Whole site SCHEDULED WARNING 02/07/2014 10:00 02/07/2014 11:00 1 hour RAL Tier1 site in warning state due to UPS/generator test.
Open GGUS Tickets (Snapshot during morning of meeting)
GGUS ID Level Urgency State Creation Last Update VO Subject
106753 Green Less Urgent In Progress 2014-07-09 2014-07-09 Atlas Errors in transfers to RAL-LCG2
106695 Green Less Urgent In Progress 2014-07-08 2014-07-08 Ops [Rod Dashboard] Issues detected at RAL-LCG2
106655 Green Less Urgent In Progress 2014-07-04 2014-07-04 Ops [Rod Dashboard] Issues detected at RAL-LCG2 (srm-dteam)

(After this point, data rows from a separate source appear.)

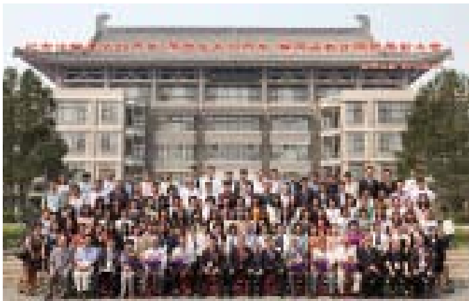
中国韩国（朝鲜）语教育研究会成立 10 周年

70-80%。但地方院校一般只有20-30%。而在一些学校，在职教师要走出去读学位的话，等再回来自己的岗位可能就没有了，所以很矛盾。这也是制约韩国语教育发展的一个瓶颈问题。这个问题的解决直接影响到今后老师的学历、学位、职称、晋升等问题。伴随这个问题，引申出一个更大的制约因素，那就是目前韩国语教学研究没有全国性的核心刊物。像英语、俄语、日语都有自己的核心刊物，但是韩国语没有，韩国语的研究论文写得再好，没有核心刊物就无法发表，影响职称晋升，这是影响年轻教师积极性的一大方面。像北大、复旦、上外等一些大学规定，只要在韩国的正规论文集上发表的，或是在韩国核心刊物上发表的论文都可以作为核心刊物水平来鉴定。还有的学校是把延边出版的“中国朝鲜语文”杂志视为核心刊物，但是认同这些的学校很少，所以现在迫切需要有一个全国性的核心刊物。
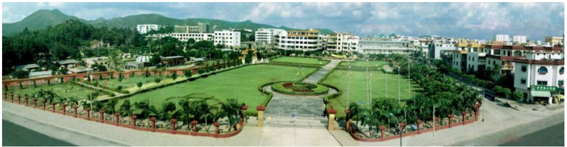
◇ 海丰县烈士陵园广场（摄于2010年10月）
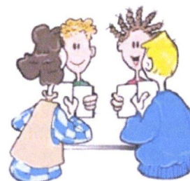
Figuur 5: Beter resultaat door samenwerken

Om goed te kunnen samenwerken is een overlegstructuur noodzakelijk. In paragraaf 5.2 van de Wabo is vastgelegd dat VTH-werkzaamheden op provinciale schaal op elkaar afgestemd moeten worden en dat daarvoor één of meer overlegorganen moeten worden ingesteld. In de Provincie Groningen is daar samen met de Provincie Drenthe uitvoering aan gegeven door het instellen van een Bestuurlijk Strategisch VTH-overleg. In onderstaande tabel 5 zijn ook de overige overleggen genoemd, met daarbij de belangrijkste kenmerken per overleg. Alle genoemde overleggen worden 'Wabo-breed' georganiseerd.
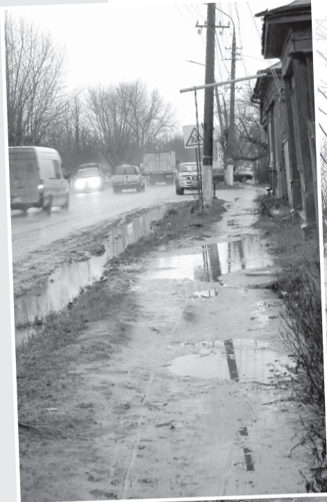
Тротуары на улице Кардовского - центральной улице города. Обратите внимание на лежащее на заборе старое дерево: оно никому не мешает, потому что здесь все равно не пройти...
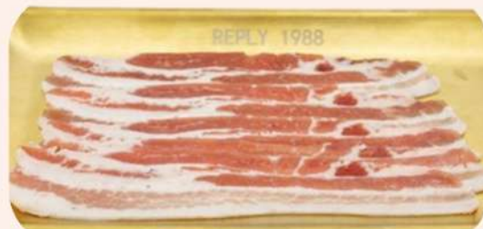
PANCETA CORTE FINO
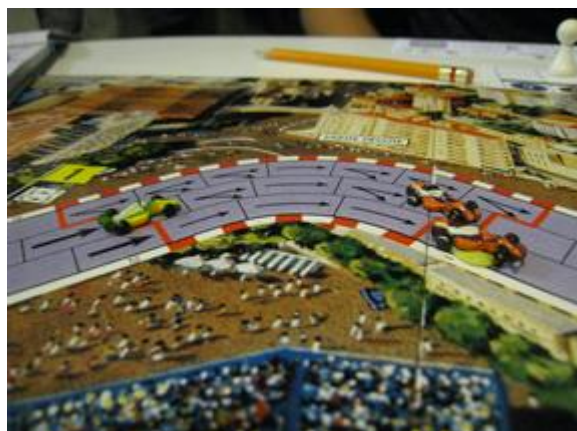
3 e tour, 1 er virage: Afonso rejoint les deux Dungeons.
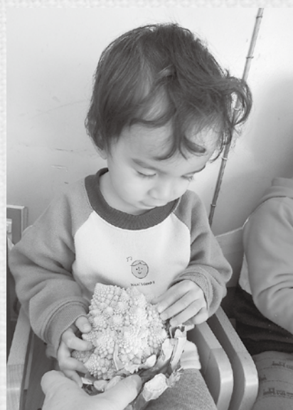
サペレメソッドでロマネスコを触っている様子
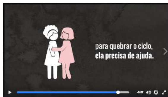
Figura 4 - cena 7 do vídeo do ciclo do abuso

106640 Green Less Urgent In Progress 2014-07-04 2014-07-04 ILC Failure to submit jobs to RAL-LCG2 CEs
106610 Green Less Urgent In Progress 2014-07-02 2014-07-02 HyperK HyperK support
106324 Yellow Urgent In Progress 2014-06-18 2014-07-01 CMS pilots losing network connections at T1_UK_RAL
105405 Red Urgent On Hold 2014-05-14 2014-07-01 please check your Vidyo router firewall configuration
Availability Report

Key: Atlas HC = Atlas HammerCloud (Queue ANALY_RAL_SL6, Template 508); CMS HC = CMS HammerCloud

Day OPS Alice Atlas CMS LHCb Atlas HC CMS HC Comment
02/07/14 100 100 100 100 100 98 99
03/07/14 100 100 100 100 100 99 100
04/07/14 100 100 100 100 100 97 100
05/07/14 100 100 100 100 100 92 100
06/07/14 100 100 100 100 100 99 100
07/07/14 100 100 100 100 100 97 100
08/07/14 100 100 41 100 100 100 99 Atlas Castor upgrade.